Saturday, April 11, 2009

On Chekhov: The Russian Master

On 'The Russian Master'

By the end of Chekhov’s “The Russian Master”, Nikitin is disgusted, essentially, by the same people, situations and things that he found desirable, touching, endearing and amusing—beautiful, even—at the start of the story. His only constant dislike is for the ‘pet’ animals at the Shelestov family estate. One can only wonder whether his disdain for these creatures doesn’t stem from their inferior ability to dissemble, delude and pretend.

The banality Nikitin claims to deplore to the point of escape was present from the start. The first indications we have of his beloved Masha, the youngest Shelestov daughter, are of a petty, controlling, demanding and jealous young woman entirely fulfilled and consumed within the repetitive routines and most basic patterns of a privileged but simple, mundane provincial domestic life.

Nikitin truly believes himself to be in love Masha; though this is entirely possible and initially simple enough to imagine, Chekhov embroiders this romantic idea with an abundance of contradictions that are anything but innocent.

Out riding on a lovely summer afternoon, Masha’s first comment to her husband to be (he alone, it seems, does not guess the certainty of his future status) is a command about how to control his horse and advice not to take its demeanor seriously—that the beast is only ‘pretending’. Masha is as simple and uncomplicated as the other household pets. Though she and Nikitin appear on the surface to be polar opposites, they share a common strategy toward life of ignoring unwelcome evidence.

No amount of information informs Nikitin’s ideas of world or self; “...anything that happened to clash with his own convictions he found naïve and touching.” Both Masha’s father and Nikitin’s friend Ippolit warn him about the seriousness and changes that marriage entails; he hears the words, but not what they mean.

Nikitin thinks that he lives by the laws of logic and boasts that he is the creator of his own happiness and, therefore, its rightful possessor. The minute that reality and the limitations of shared life impinge on his fantasies of freedom and potent creation, he nosedives into an about face and becomes the absolute victim of the dreadfulness around him. He imagines himself to be consumed with a burning desire to become a factory worker and “to exhaust himself with work, to suffer.” Nikitin believes that a laborer treasures every kopek he earns simply because he is a worker, not because he is able, independent of social status, to appreciate his circumstance.

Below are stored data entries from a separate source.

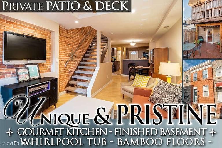 PRISTINE CANTON ROWHOME WITH OPEN FLOOR PLAN & 3 FINISHED LEVELS! Main level w/ Bamboo floors, living room w/ exposed brick, dining area, kitchen w/ breakfast bar, granite counters & ss appliances, Master suite w/ full bath w/ whirlpool tub and access to private rear deck, 2nd bedroom w/ exposed brick & hall bath, finished lower level with half bath & private rear patio!
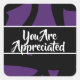 You Are Appreciated Modern Purple Black Thank You Square Sticker
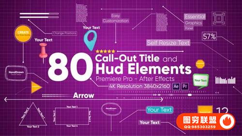 一共包含80组科技感线条指示线动画,修复支持中文版/英文版AE和PR,它们使用简单所有的文字颜色等都可以修改,不会出现任何表达式错误。15 个经典标注标题,33 个文本标注标题,3 个地图标记标注标题,9 个手绘呼出标题,5 个动态线路呼出标题,3 个自由线路呼出和12 个 Hud 元素。包括分步教程,不包括预览中的视频和图像。
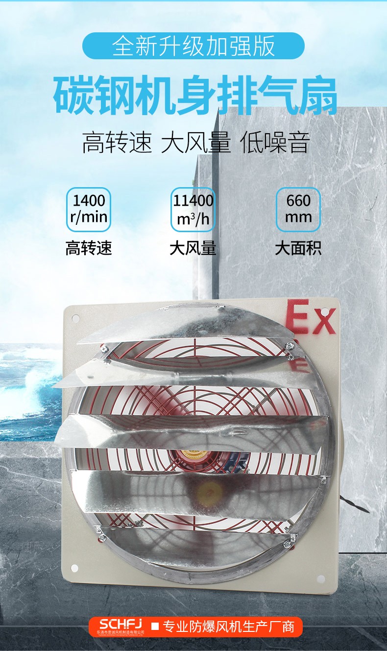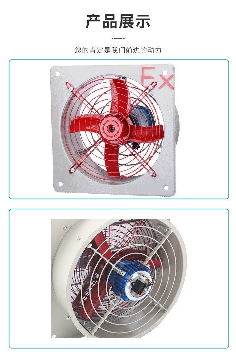 BFAG防爆排风扇,由电动机带动风叶旋转驱动气流,使室内外空气交换的一类空气调节电器。又称通风扇。排风的目的就是要除去室内的污浊空气,调节温度、湿度和感觉效果。

As for work, he has still been unable or unwilling to find the energy, effort or direction even to read Lessing, so how could he actually enter into labor when he can barely get up off the sofa? Nikitin also does not consider that he need not go looking for the suffering he desires; he has it already. He longs for ‘something’ to overpower him, make him oblivious of his own existence, indifferent to his personal happiness with all its limitations, and yet he reserves the right to select this power, thus sentencing himself in his own pettiness.

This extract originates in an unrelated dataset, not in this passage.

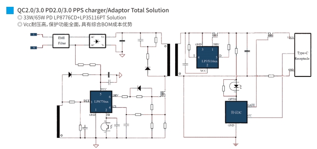 65W PD快充方案以其高效率、高兼容性和高安全性,成為現(xiàn)代電子設(shè)備充電技術(shù)的重要發(fā)展方向。LP8776CD+LP35116PT方案以其成本優(yōu)勢和全面保護功能,適合對成本敏感的市場;而LP88G24+LP35118X方案則以其高效率和小體積,滿足了對性能和便攜性有更高要求的用戶。隨著技術(shù)的不斷進步,未來快充方案將更加完善,為用戶帶來更加便捷和安全的充電體驗。
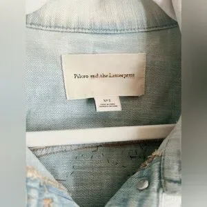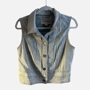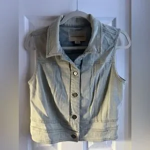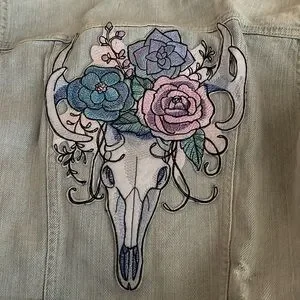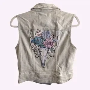 Denim Vest S to M deer 🦌 skull rose 🌹 appliqué embroidered light wash blue

Chekhov creates and examines with clinical clarity; he seems often to be weighing how different people are from objects, to what extent they are active or passive within the drama of life and free of the overwhelming realities of mere chemical processes, chance and the Siren call of illusion. Were Nikitin merely a self-deluding fortune hunter, our interest would wane, but he is not. Rather than viewing him as a scheming materialist, one can also see him through the lens of science: osmosis.

The poverty, struggle and isolation of Nikitin’s early life are like a dry sponge immersed in the vital waters of the Shelestov family life. From a scientific standpoint, no matter what he were to tell himself were his reasons or how much he might prefer one liquid to another, he cannot stop the process of absorption that will continue until the sponge is entirely saturated. Then it may loathe its soggy state and entertain fantasies about being dry again, as Nikitin ultimately imagines his final salvation in a trip to Moscow, alone, to visit the poor old rooms he inhabited when he was a struggling student.

By the story’s end it is perfectly clear that we can have no idea of what, exactly, Nikitin is ‘master’. He is self-deluding, though not entirely in the dark. He can make effort until he cannot; he can see this, but not that; in short, he is human and subject to the paradox of a nature that is generous and destructive, entirely indifferent and absolutely selective. Chekhov would endorse work. That may be all one can attempt; certainly there will be scant results without it, but no certainties either because of it.